From inventor W. L. Gore & Associates; based on expanded PTFE.

How Gore-Tex works

Gore-Tex is a waterproof, breathable membrane built around billions of microscopic pores. The pores are far too small for liquid rain droplets to pass — so water stays out — but much larger than a single water-vapor molecule, so the sweat you produce can escape. That combination is what ‘waterproof-breathable’ means: rain blocked, perspiration vented.

Membrane, not fabric

The membrane itself is fragile, so it’s laminated between an outer face fabric and an inner lining to make the finished material. The face fabric carries a DWR finish so water beads off and doesn’t saturate the fabric — which is essential to keep the membrane breathing.

In practice

After a few seasons a hiker notices their Gore-Tex shell feels clammy in rain. The membrane is fine — the face fabric has wetted out — so they wash it and reapply DWR, and water beads and breathability return.

Product lines

Gore offers several constructions — durable Pro for hard alpine use, ultralight Paclite for packability, and newer PFC-free ePE membranes — each balancing durability, weight, and breathability. A Gore-Tex membrane is the heart of most hardshells and many a rain jacket. Compare it with a competitor in Gore-Tex vs eVent.

The bottom line

Gore-Tex is the benchmark waterproof-breathable membrane: it blocks rain while letting sweat vapor escape, and it's laminated into jackets and footwear with a DWR-treated face fabric. Different product lines trade durability, weight, and packability — and keeping the DWR fresh is what preserves the breathability that makes it worth the price.

Frequently asked questions

How does Gore-Tex work?

Gore-Tex uses a thin membrane with billions of microscopic pores.
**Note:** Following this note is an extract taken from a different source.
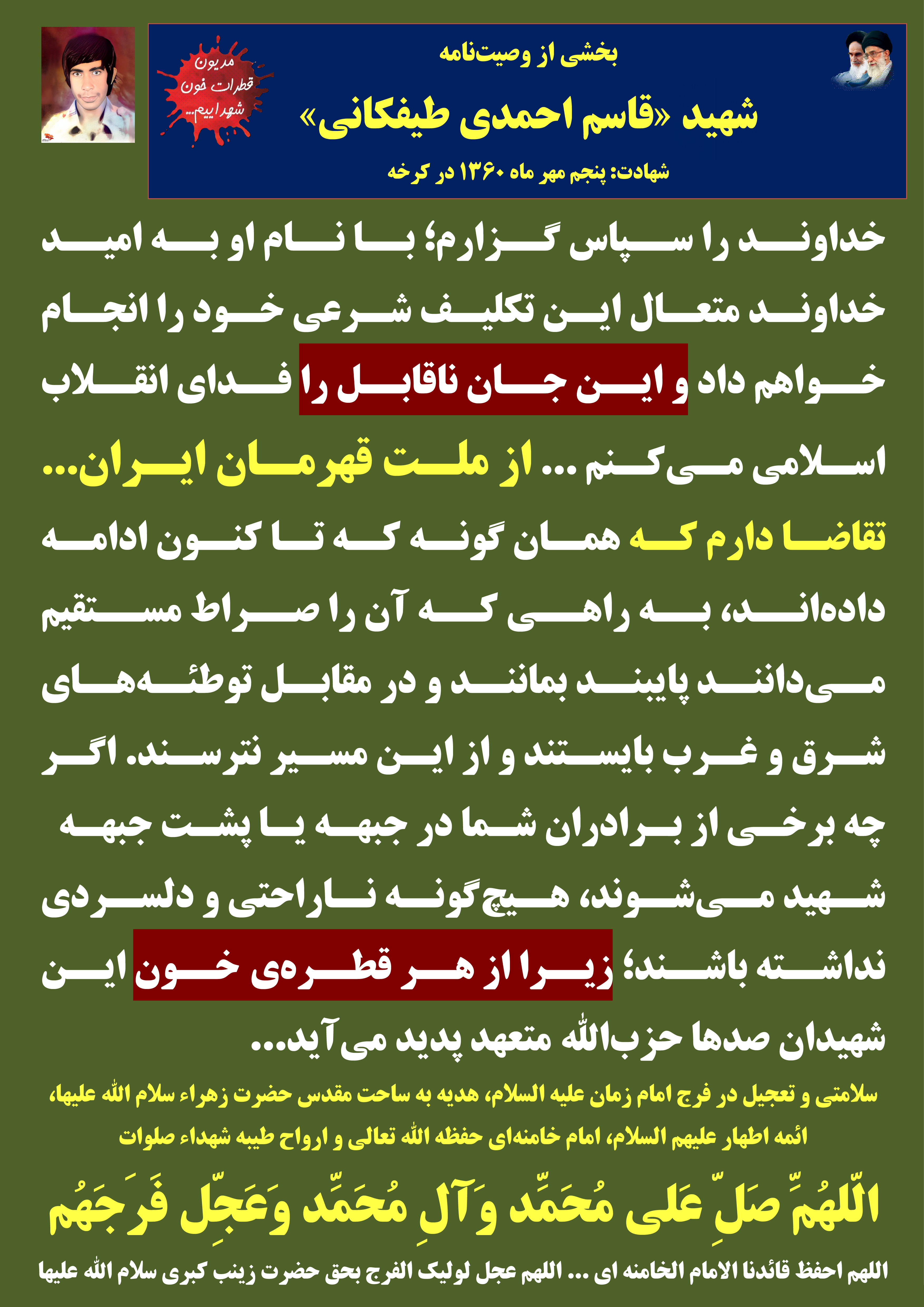 بخشی از وصیتنامه شهید «قاسم احمدی طیفکانی»

Each pore is far too small for a liquid water droplet to squeeze through (so rain can't get in) but much larger than a water vapor molecule (so sweat can get out). Laminated into a jacket and topped with a DWR finish, it keeps you dry from rain while venting some perspiration.

Is Gore-Tex fabric or a membrane?

Gore-Tex is the membrane, not the whole fabric. It's bonded (laminated) between an outer face fabric and an inner lining to make the finished waterproof-breathable material. So a 'Gore-Tex jacket' is really a jacket whose fabric contains a Gore-Tex membrane.

Why does my Gore-Tex jacket wet out or feel clammy?

Usually the outer face fabric has 'wetted out' — its DWR finish has worn off, so the fabric soaks up water and blocks breathability, making you feel damp inside even though the membrane still keeps rain out. Cleaning the jacket and reapplying DWR restores both water repellency and breathability.